During the Second World War, there were numerous airfields used in East Anglia. A new initiative has now begun to collect photographs of these airfields and thus preserve their legacy. Seventy different airfields are among those to be documented by the project, which will assist in the dissemination of knowledge regarding East Anglia and its war history. This project is being largely funded by the Heritage Lottery Fund.
As their name implies, the Heritage Lottery Fund specializes in providing funding for projects that help to preserve the knowledge of historical heritage. The organization Eighth in the East, which is in charge of the project, has been granted about five hundred thousand pounds by the Heritage Lottery Fund to help them collect photos of the East Anglia airfields. They are called this photo project “Now and Then,” as it will collect photos of the airfields both as they appeared during the Second World War as well as how they appear now. This will help to show just how much some historical sites have changed over the decades since the war ended, the BBC News reports.

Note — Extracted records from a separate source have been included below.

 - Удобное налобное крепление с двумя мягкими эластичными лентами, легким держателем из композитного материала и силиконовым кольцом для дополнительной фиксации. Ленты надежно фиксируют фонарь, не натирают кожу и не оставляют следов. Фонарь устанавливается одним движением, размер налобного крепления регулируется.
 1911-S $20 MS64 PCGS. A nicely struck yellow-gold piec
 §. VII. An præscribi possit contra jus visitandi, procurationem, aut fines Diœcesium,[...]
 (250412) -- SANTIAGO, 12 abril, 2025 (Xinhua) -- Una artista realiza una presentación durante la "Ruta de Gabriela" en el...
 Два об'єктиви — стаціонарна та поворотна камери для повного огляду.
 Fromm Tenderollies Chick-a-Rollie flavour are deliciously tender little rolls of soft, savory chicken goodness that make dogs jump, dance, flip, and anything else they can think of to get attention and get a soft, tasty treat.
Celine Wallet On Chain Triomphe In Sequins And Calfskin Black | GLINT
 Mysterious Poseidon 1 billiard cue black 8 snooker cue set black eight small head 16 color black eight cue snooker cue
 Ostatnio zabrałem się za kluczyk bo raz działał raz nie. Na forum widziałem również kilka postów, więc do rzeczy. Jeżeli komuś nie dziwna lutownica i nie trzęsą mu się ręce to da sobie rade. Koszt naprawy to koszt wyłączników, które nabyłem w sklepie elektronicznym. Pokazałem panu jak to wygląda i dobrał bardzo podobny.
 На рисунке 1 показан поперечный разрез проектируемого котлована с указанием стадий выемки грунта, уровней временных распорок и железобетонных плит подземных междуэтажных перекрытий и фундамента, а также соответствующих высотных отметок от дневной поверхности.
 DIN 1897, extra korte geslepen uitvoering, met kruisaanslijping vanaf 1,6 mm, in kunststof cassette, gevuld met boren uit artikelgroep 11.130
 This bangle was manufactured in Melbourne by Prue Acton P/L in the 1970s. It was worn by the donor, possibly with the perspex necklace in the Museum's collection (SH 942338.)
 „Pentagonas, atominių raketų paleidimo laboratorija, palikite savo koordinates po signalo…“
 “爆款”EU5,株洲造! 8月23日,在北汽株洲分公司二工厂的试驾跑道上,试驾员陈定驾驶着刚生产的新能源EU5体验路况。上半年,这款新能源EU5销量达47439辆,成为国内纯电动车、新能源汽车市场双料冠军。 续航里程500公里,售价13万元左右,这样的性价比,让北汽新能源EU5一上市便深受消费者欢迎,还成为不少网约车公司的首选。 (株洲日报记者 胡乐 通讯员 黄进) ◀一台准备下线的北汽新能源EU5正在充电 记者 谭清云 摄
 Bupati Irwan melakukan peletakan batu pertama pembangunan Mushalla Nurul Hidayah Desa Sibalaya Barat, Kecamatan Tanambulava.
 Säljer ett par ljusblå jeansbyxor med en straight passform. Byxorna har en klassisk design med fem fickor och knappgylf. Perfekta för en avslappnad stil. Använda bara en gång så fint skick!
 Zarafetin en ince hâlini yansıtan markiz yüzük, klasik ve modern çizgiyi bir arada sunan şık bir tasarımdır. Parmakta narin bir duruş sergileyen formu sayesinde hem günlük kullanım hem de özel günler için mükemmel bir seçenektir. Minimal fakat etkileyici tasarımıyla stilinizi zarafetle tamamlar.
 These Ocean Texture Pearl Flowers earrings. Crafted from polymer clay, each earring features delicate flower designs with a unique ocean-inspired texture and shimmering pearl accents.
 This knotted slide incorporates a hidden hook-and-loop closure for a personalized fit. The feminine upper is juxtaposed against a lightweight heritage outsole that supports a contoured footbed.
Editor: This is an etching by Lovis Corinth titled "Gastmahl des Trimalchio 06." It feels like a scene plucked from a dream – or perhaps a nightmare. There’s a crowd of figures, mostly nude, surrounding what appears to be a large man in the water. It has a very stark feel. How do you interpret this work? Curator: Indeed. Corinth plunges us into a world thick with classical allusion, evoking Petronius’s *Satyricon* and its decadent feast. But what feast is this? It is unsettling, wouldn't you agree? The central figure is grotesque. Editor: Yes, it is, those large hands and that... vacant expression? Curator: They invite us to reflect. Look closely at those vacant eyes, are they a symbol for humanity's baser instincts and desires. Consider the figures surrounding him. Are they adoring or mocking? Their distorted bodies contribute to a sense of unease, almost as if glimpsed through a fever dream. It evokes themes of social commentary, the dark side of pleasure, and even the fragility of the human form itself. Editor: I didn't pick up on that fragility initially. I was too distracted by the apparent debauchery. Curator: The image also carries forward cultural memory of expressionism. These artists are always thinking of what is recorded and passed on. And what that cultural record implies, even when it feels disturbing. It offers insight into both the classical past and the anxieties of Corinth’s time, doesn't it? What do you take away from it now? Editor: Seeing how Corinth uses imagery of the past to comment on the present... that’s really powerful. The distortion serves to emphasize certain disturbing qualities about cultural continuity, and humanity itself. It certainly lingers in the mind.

These airfields have all been subject to different fates in the years since the Second World War. Some have become larger airports. Some have been left to grow old, while some have been taken down entirely, leaving open fields in East Anglia where there once stood important sites. Others have seen completely different uses, being converted into commercial buildings. A number of airfields have yet to be photographically documented in their current state.
Not all residents are aware that some buildings or open fields in their area used to be airfields during WWII. The goal of the project is to remedy this, by providing the residents of East Anglia with photographic evidence that many familiar sites were formerly used for matters of importance. These photos will be hosted online, so anyone who is interested can peruse the photos collected by the project and see these airfields in both their former and current states.
Many of the WWII airfields of East Anglia have been demolished with nary a trace, but there are still a large number of photographs that will allow those who are interested in such matters to view these airfields in their days of operation. The ability to then view these airfields as they appear today will give viewers an idea of just how much one location can change over time. There are some modern photographs in which virtually nothing remains of the former sites with the exception of the road layouts. Those who are from East Anglia and are familiar with these sites will likely find more interest than anyone in such photos, as they will be able to learn something about the history of their region.